▶ Work instruction
Restate word for word the lines below, from the one containing "HALOGEN TABLE LAMP, HAND-BRUSHED" through the final line, with no pictures included.

Records from a dataset

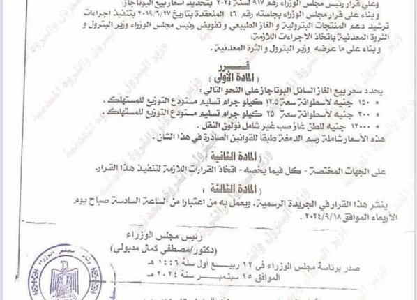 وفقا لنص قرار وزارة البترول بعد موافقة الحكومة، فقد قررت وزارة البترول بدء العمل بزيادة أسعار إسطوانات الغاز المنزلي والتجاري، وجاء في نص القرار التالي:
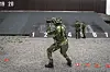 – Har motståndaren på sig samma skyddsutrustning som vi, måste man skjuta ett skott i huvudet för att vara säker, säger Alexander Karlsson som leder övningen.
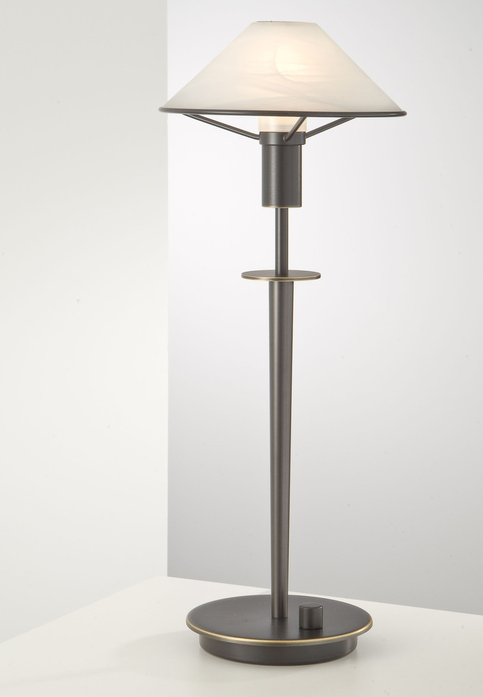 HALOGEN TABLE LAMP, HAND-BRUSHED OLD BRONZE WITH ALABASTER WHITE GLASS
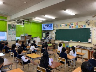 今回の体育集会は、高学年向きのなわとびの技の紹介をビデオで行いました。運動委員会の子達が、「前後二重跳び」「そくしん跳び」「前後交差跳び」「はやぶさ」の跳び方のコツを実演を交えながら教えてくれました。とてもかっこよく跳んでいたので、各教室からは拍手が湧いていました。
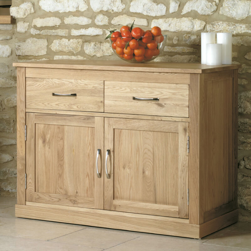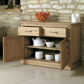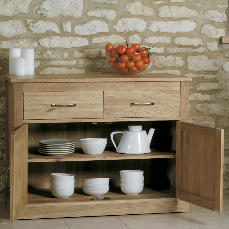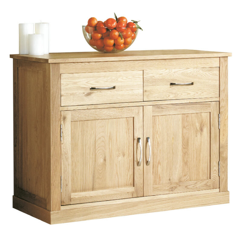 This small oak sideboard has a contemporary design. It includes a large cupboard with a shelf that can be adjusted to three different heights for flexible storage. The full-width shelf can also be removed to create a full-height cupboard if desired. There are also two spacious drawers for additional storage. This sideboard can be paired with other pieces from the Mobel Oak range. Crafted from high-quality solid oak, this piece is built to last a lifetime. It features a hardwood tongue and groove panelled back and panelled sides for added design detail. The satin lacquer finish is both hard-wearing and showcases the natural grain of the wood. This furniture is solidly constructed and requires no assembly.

▶ Response
 HALOGEN TABLE LAMP, HAND-BRUSHED OLD BRONZE WITH ALABASTER WHITE GLASS
 今回の体育集会は、高学年向きのなわとびの技の紹介をビデオで行いました。運動委員会の子達が、「前後二重跳び」「そくしん跳び」「前後交差跳び」「はやぶさ」の跳び方のコツを実演を交えながら教えてくれました。とてもかっこよく跳んでいたので、各教室からは拍手が湧いていました。
 This small oak sideboard has a contemporary design. It includes a large cupboard with a shelf that can be adjusted to three different heights for flexible storage. The full-width shelf can also be removed to create a full-height cupboard if desired. There are also two spacious drawers for additional storage. This sideboard can be paired with other pieces from the Mobel Oak range. Crafted from high-quality solid oak, this piece is built to last a lifetime. It features a hardwood tongue and groove panelled back and panelled sides for added design detail. The satin lacquer finish is both hard-wearing and showcases the natural grain of the wood. This furniture is solidly constructed and requires no assembly.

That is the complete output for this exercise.